Ein Duo, eine 56-jährige Niederländerin und ihr 35-jähriger Sohn konnten unmittelbar nach einer Tat in Derendorf festgenommen werden. Sie befinden sich in Untersuchungshaft. Über die anschließenden Ermittlungen der Spezialisten des Betrugsdezernates gelang es außerdem noch, einen 46-jährigen Griechen zu ermitteln, der sich nach Taten in Bremen ins Ausland abgesetzt hatte. Mit einem internationalen Haftbefehl wurde der Mann in den Niederlanden festgenommen.

Durch diese Festnahmen haben die Polizei Düsseldorf und der Düsseldorfer Staatsanwaltschaft nun eine zentrale Rolle bei den Ermittlungen der in Deutschland verübten Taten übernommen. Die Behörden fahnden jetzt mit Bildern aus den Überwachungskameras verschiedener Geldinstitute in Bremen, Dortmund, Duisburg, Essen, Frankfurt am Main, Hamburg, Koblenz und Mannheim sowie den Niederlanden.

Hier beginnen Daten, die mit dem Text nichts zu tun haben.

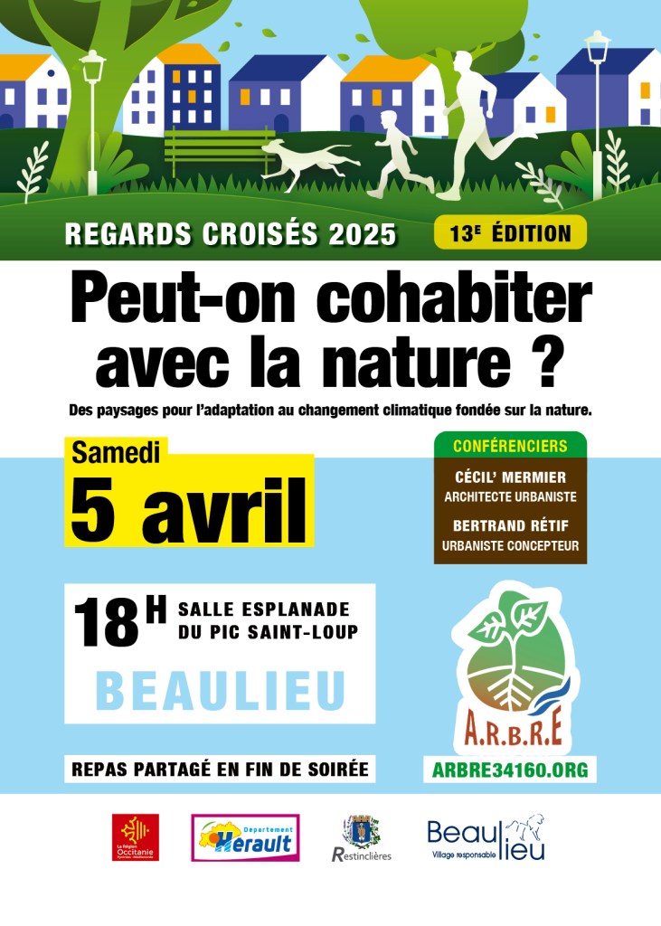 Pour sa 11e édition de Regards Croisés l’A.R.B.R.E (Association Restinclières Beaulieu pour le Respect de l’Environnement) a choisi de programmer sa soirée « Regards Croisés » au printemps :
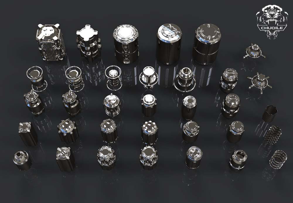 科幻硬表面kitbash圆筒VR/AR低多边形素材之家精选3D模型

Im Verlauf der Ermittlungen konnte festgestellt werden, dass die hier operierenden Täter allesamt aus dem Großraum Den Haag zu stammen scheinen.

In diesem Zusammenhang fragt die Kriminalpolizei:

-Wer kennt die Tatverdächtigen und kann ihren Aufenthaltsort benennen?

-Wer hat im Zeitraum um den 19. und 20. Februar 2013, in den benannten Städten, in der Umgebung von Geldinstituten, Verdächtiges beobachtet?

-Wer kennt, insbesondere in den Niederlanden (Großraum Den Haag), Personen, die seit dem Februar ihren Lebenswandel geändert haben, oder seitdem über eine ungewöhnlich hohe Liquidität verfügen?